The quill replaced the reed pen across Europe by the Early Middle Ages and remained the main writing tool of the West for nearly a thousand years until the 17th century. Quills are fashioned by cutting a nib into the end of a feather obtained from a fairly large bird, such as a goose, traditionally from its left wing. A quill has the advantage of being more durable and more flexible than a reed pen, and it can also retain ink in the hollow shaft of the feather, known as the calamus, allowing more writing time between ink dippings. The quill was in common use until the early 19th century and the advent of the metal nib. For business purposes, the quill was fairly quickly overtaken; however, it remains popular for personal use and for artistic work.

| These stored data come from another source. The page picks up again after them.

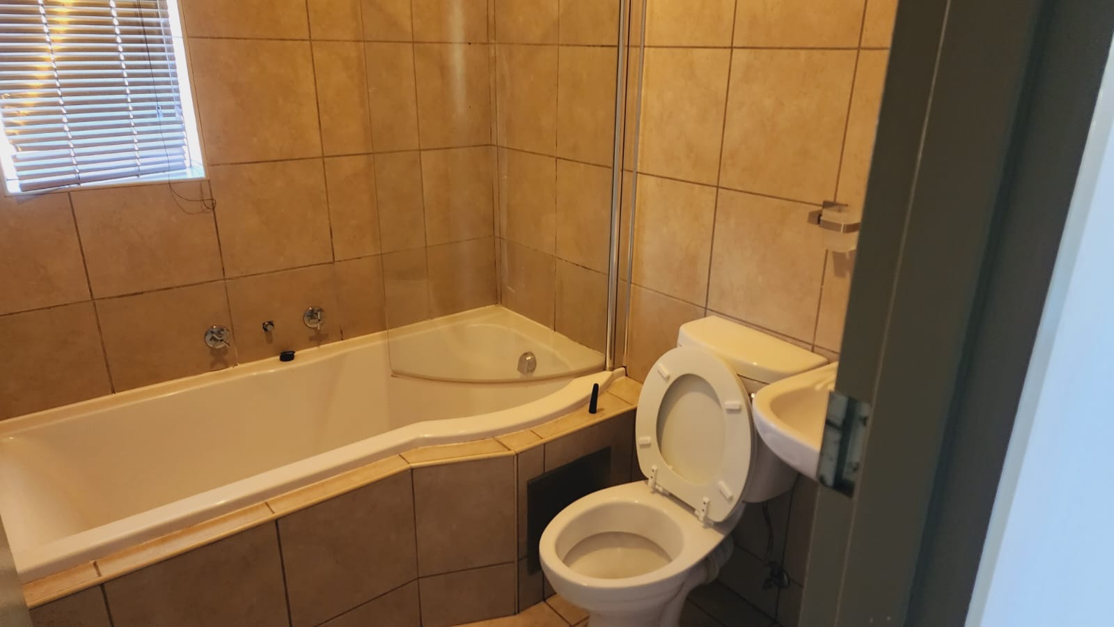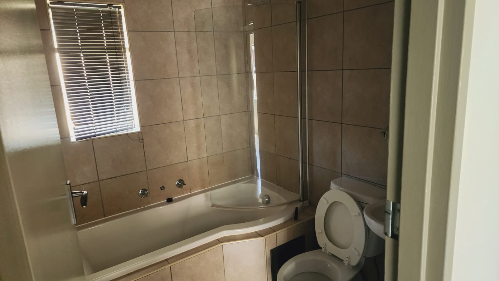 The bathroom is neatly tiled and fitted with a bathtub, basin, and toilet, with a built-in shower, offering both comfort and functionality. (Private Property)
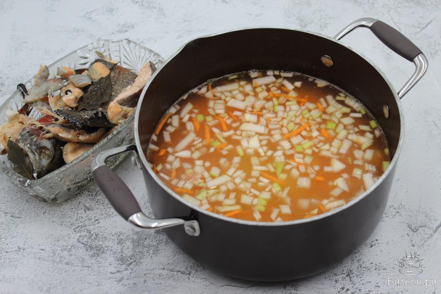 4. По истечении получаса достать из бульона рыбу, а сам бульон процедить в чистую кастрюлю. В процеженный бульон выложить овощи и довести до кипения, после чего варить суп примерно 20-30 минут. Картофель попробуйте на готовность.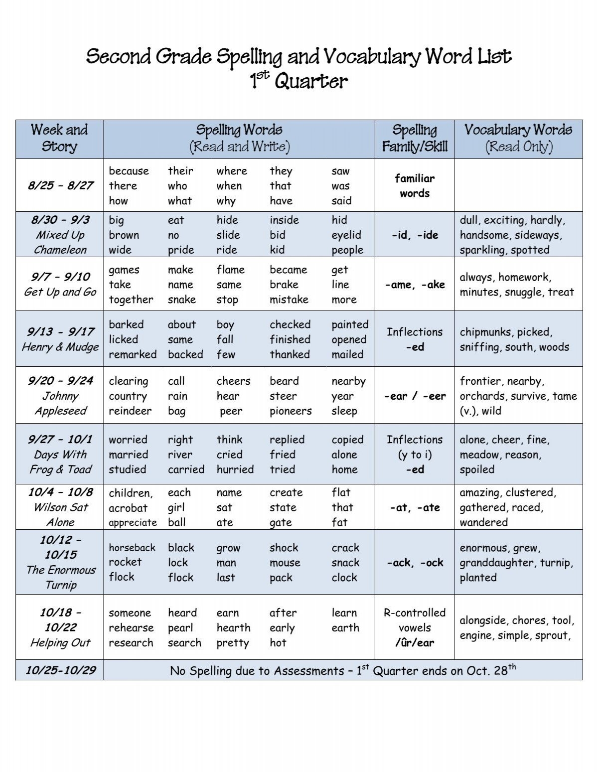 1st Grade Spelling Words Free Printable 36 Week List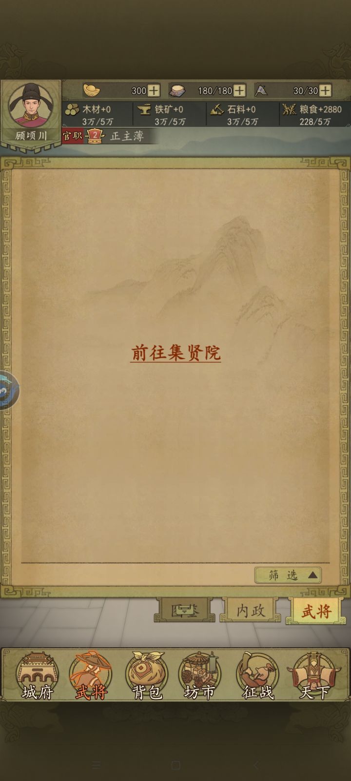 少一个武将打不了,招募要到第二章,卡在第一章过不去
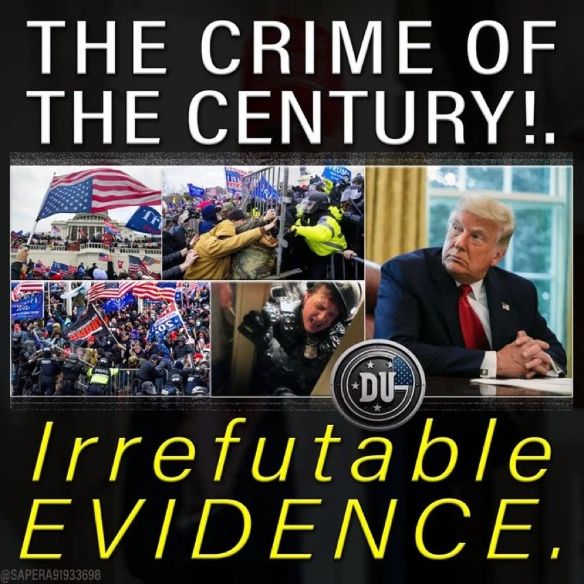 A compilation of images showing political protests, a police confrontation, and a formal meeting, with the overlay text "The Crime of the Century! Irrefutable Evidence."

Metal nibs have their origins as far back as ancient Egypt and were made of metals like copper and bronze. However, the quality of writing that could be achieved with these pens was inferior to that of reed pens. It was not until 1822, when John Mitchell set up a factory in Birmingham, England to manufacture steel nibs, that their popularity took off. The metal nib retains a sharp point or edge much longer than the quill, which wears out more quickly and requires much skill to sharpen. Metal nibs are also easily manufactured to have different properties for different purposes. Also, they can now be attached to and removed from holders, allowing one to switch between nibs with relative ease.
Pen nibs come in a variety of different shapes and sizes for different purposes but can be split into two main types: broad nibs and pointed nibs.
The broad nib, also called broad-edge or chisel-edge, is the older of the two nib types. It is rigid and has a flat edge. The pen is usually held at a constant angle to the horizontal; different scripts require different nib angles. Thick and thin strokes are created by varying the direction of the stroke.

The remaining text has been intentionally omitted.